08 Dec December Reverend Reflections
Hello First Presbyterian Church,
During this season of Advent we are preparing ourselves to celebrate the birth of Christ (his first advent) while simultaneously anticipating his return to judge the world in equity and righteousness (his second advent).
In our celebration of Jesus’ birth, we often overlook the loss he suffered in that event. It was a great gain to us, but to him it was a sacrifice. The Son of God was now, in some mysterious way, constrained by flesh. The cross is often the place we point as representative of Jesus’ suffering, but perhaps the manger should be as well. It is a thought worth contemplating this Advent season. Consider the immense love that must’ve motivated the boundless and free Son of God to come to us in the flesh.
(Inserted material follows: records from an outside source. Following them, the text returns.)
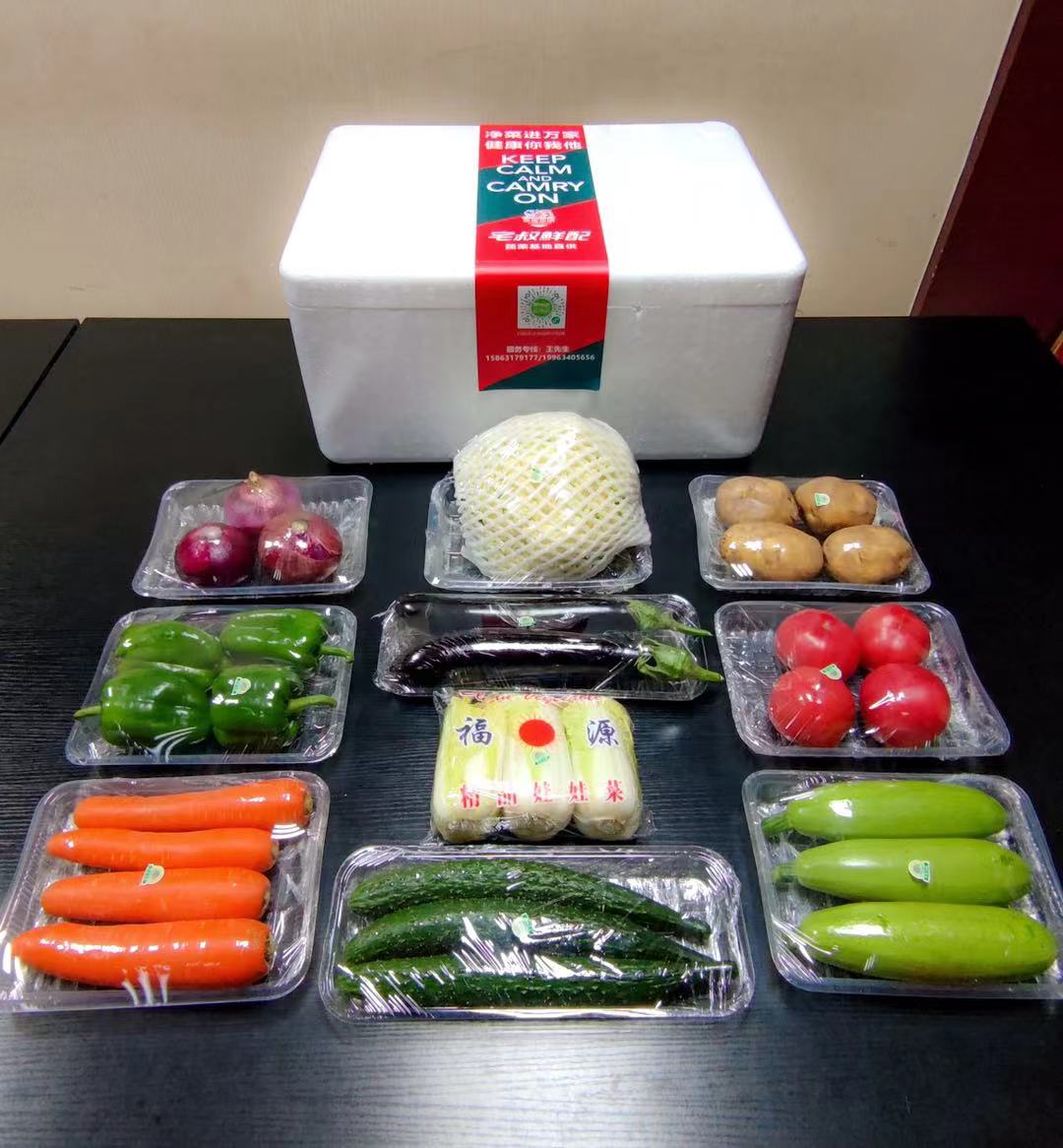 针对疫情期间消费者“囤菜”的新习惯,凯瑞开放蔬菜基地,开始在线上销售蔬菜礼包。蔬菜礼包中包含十种蔬菜,有黄瓜、洋葱、西红柿、西葫芦、土豆、胡萝卜等,一个礼包重量在十三到十五斤之间,售价79元,顾客可以通过凯瑞线上商城平台查找最近提货点,进行自提。
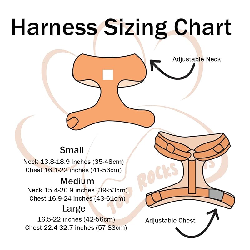 • Small: Neck circumference 13.8 to 18.9 inches, chest 16.1 to 22 inches
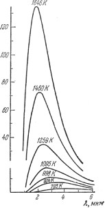 Рис. 1.9. Кривые распределения энергии в спектре черного тела для разных температур.
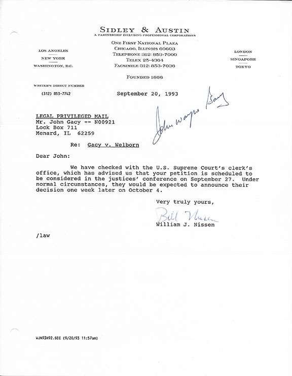 GACY, John Wayne (1942-May 10, 1994). American serial killer who is also known as the “Killer Clown”. He was convicted of sexual assault and murder of at least 33 teenage boys and young men. The killings took place between 1972 and 1978 in the Chicago area. Twenty-six of Gacy’s victims were buried in a crawl space under his home. Three others were buried on his property and the last four were dumped in the Des Plains River. Gacy was convicted of the 33 murders and sentenced to death for 12 of them. He spent 14 years on death row before being executed by lethal injection. Actual page from Gacy’s personal files, kept in his cell, that he signed in full, just a day or two before his execution. Original T.L.S. from his attorney, on attorney’s letterhead dated Sept. 20, 1993, Re: Gacy v. Welborn advising Gacy that that his petition is scheduled to be considered in the justices’ conference on September 27...they would be expected to announce their decision one week later...” Signed in ink by an attorney and signed in full by John Wayne Gacy. Two file holes otherwise in fine condition...............SOLD
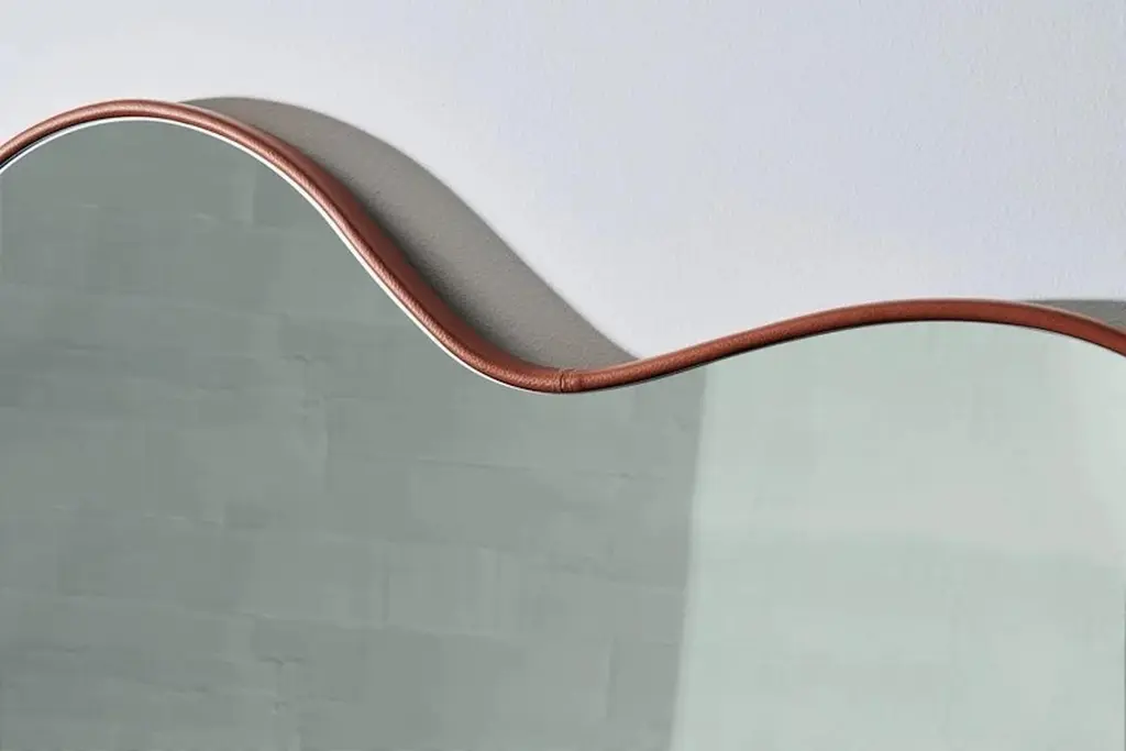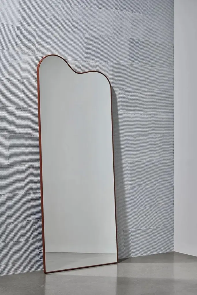 Wooden Construction, covered with leather.- Nappa Mocca leatherEn ouvert is the French name given to an open body alignment in which a ballet dancer faces the audience downstage. OUVERT, a 199cm high mirror, presents an equally open and self-confident stance in the eye of its beholder. Taking the name from the world of dance is fitting since OUVERT zeroes in on the playful and swinging lightness sought by NOTE's designers in their work: the world is serious enough – so it makes sense to leave it to the objects that enrich people’s everyday lives to espouse effortlessness and joie de vivre.En ouvert is the French name given to an open body alignment in which a ballet dancer faces the audience downstage. OUVERT, a 199cm high mirror, presents an equally open and self-confident stance in the eye of its beholder. Taking the name from the world of dance is fitting since OUVERT zeroes in on the playful and swinging lightness sought by NOTE's designers in their work: the world is serious enough – so it makes sense to leave it to the objects that enrich people’s everyday lives to espouse effortlessness and joie de vivre.What Wittmann and NOTE have playfully created together speaks to a finely-tuned sense of design coupled with handcrafted details, as well as the high quality of workmanship manifested in all of the products that leave the Wittmann workshops. New mirror OUVERT is encased by a leather frame, whose light padding creates additional sculptural depth. Four seams in twin-needle stitching set at fixed positions emphasise the proportions while highlighting the outstanding level of craftsmanship. An instantly likeable home accessory, the mirror either leans casually against the wall or is elegantly hung upon it using the mounting provided.

In order to facilitate your contemplation of this beautiful truth, I want to share with you a poem from the great John Donne. I have preserved the old English in the version copied below, but that unfamiliarity will hopefully force you to read more slowly and consider more deeply the love of Christ on Christmas morning.
The whole life of Christ was a continuall Passion;
others die Martyrs, but Christ was born a Martyr.
He found a Golgotha (where he was crucified) even in Bethlehem, where he was born;
For, to his tenderness then, the strawes were almost as sharp as the thornes after;
and the Manger as uneasie at first, as his Crosse at last.
His birth and his death were but one continuall act,
And his Christmas-day and his Good Friday,
are but the evening and morning of one and the same day.